_WHAT IS NEEDED:_
Repeat every line from the line containing "BLANK NYC Black" to the end of the data, exactly. Leave the pictures out.

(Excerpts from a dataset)
- Opening Delimiter -
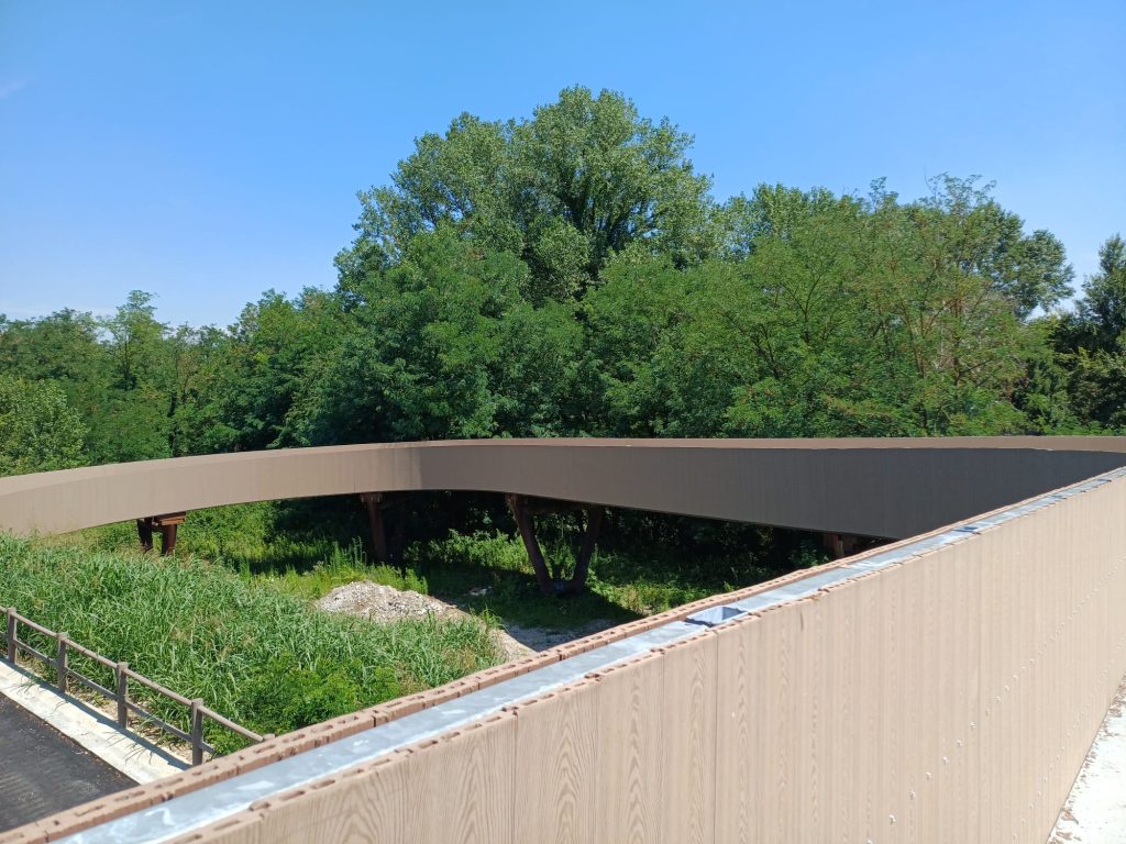 L’opera strutturale è costata circa 2 milioni di euro (1,7 milioni di euro forniti dalla Regione Lombardia e circa 300.000 dalla Città Metropolitana di Milano), terminata e già collaudata dal punto di vista statico, ha riguardato il rifacimento di tutto l’impalcato, per cui sono state mantenute le pile in corten e sono invece state sostituite le travi in legno con una struttura in acciaio corten che ne garantisce la durata nel tempo in un ambiente molto umido e caratterizzato dalla presenza di fiume e vegetazione.
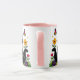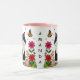 A sweet personalized coffee cup with a cute illustration of a black and white cat surrounded by flowers and butterflies in a paper quilling impasto style.
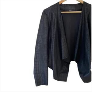 BLANK NYC Black Crocodile Faux Leather Suede Drape Front Jacket Size S
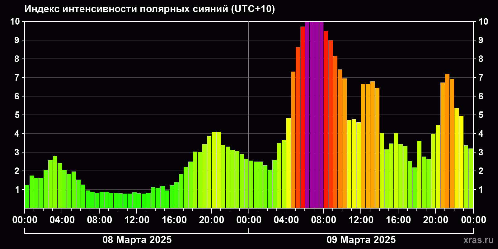 Изменения индекса интенсивности полярных сияний с 2025-03-08 по 2025-03-09 по местному времени
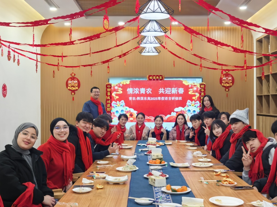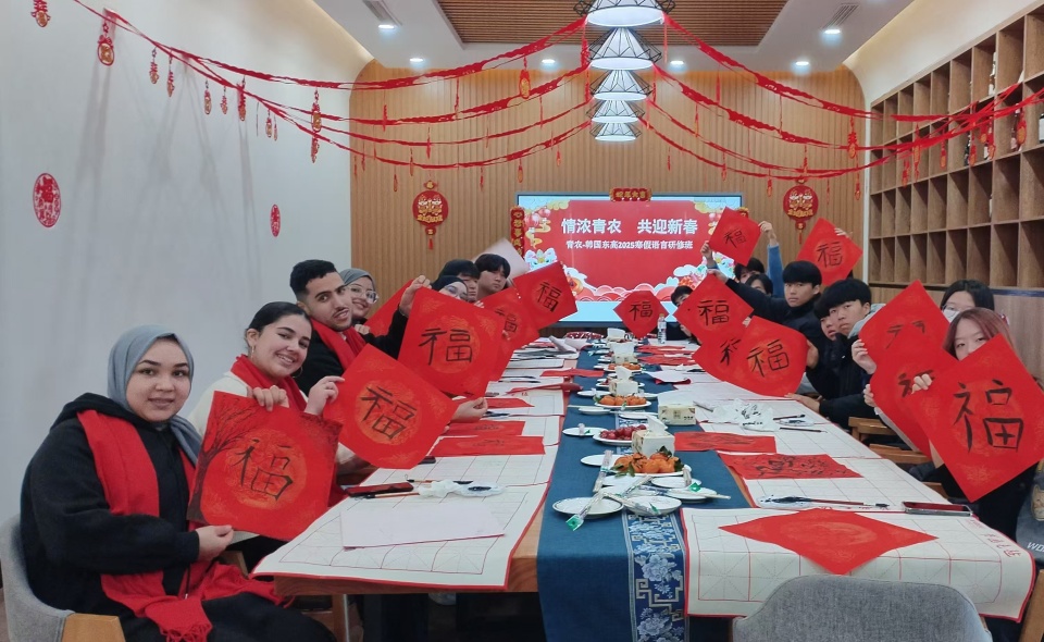 1月16日,在9728太阳集团的课堂上,一次温馨的春节文化体验活动正在进行。青农-韩国东高2025年寒假汉语研修班学员与9728太阳集团国际学生共同迎接新春佳节,感受中国传统文化魅力。
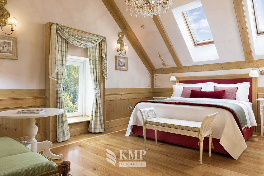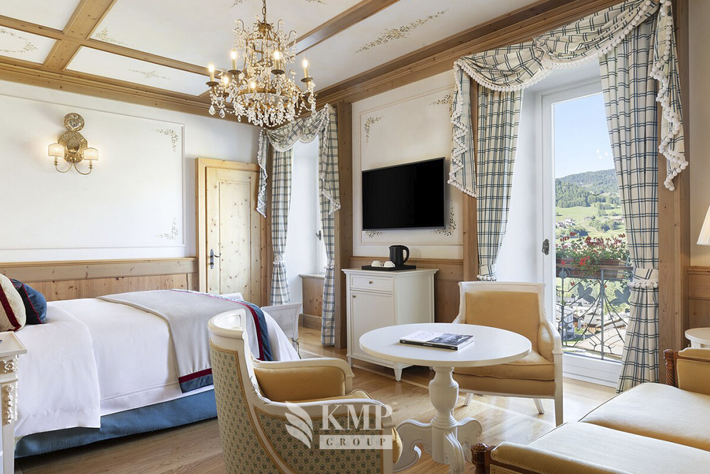 Panoramic superior room (30-37 кв. м). Балкон (в некоторых номерах), спальня с гостиной зоной (кровать king-size или две отдельные кровати), гардеробная (в некоторых номерах), ванная комната с джакузи и душем. Панорамный вид на долину. Возможно объединение с номерами категории Classic room.
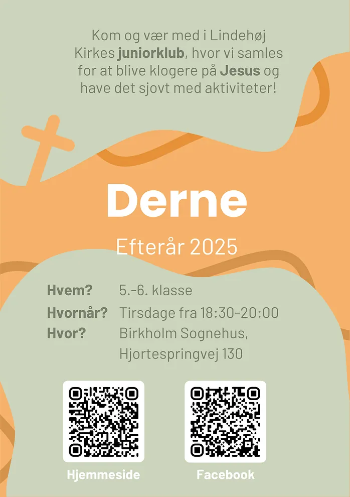Derne er en juniorklub for alle som går i 5. og 6. klasse. Vi mødes hver tirsdag kl. 18.30-20 i Birkholm kirkes ungdomslokaler. Vi begynder altid med at synge nogle sange og en bibelfortælling, hvor en leder fortæller noget fra Bibelen. Derefter laver vi nogle forskellige aktiviteter, fx noget aktivt eller kreativt.
- Closing Delimiter -
_ANSWER SECTION:_
 BLANK NYC Black Crocodile Faux Leather Suede Drape Front Jacket Size S
 Изменения индекса интенсивности полярных сияний с 2025-03-08 по 2025-03-09 по местному времени
 1月16日,在9728太阳集团的课堂上,一次温馨的春节文化体验活动正在进行。青农-韩国东高2025年寒假汉语研修班学员与9728太阳集团国际学生共同迎接新春佳节,感受中国传统文化魅力。
 Panoramic superior room (30-37 кв. м). Балкон (в некоторых номерах), спальня с гостиной зоной (кровать king-size или две отдельные кровати), гардеробная (в некоторых номерах), ванная комната с джакузи и душем. Панорамный вид на долину. Возможно объединение с номерами категории Classic room.
Derne er en juniorklub for alle som går i 5. og 6. klasse. Vi mødes hver tirsdag kl. 18.30-20 i Birkholm kirkes ungdomslokaler. Vi begynder altid med at synge nogle sange og en bibelfortælling, hvor en leder fortæller noget fra Bibelen. Derefter laver vi nogle forskellige aktiviteter, fx noget aktivt eller kreativt.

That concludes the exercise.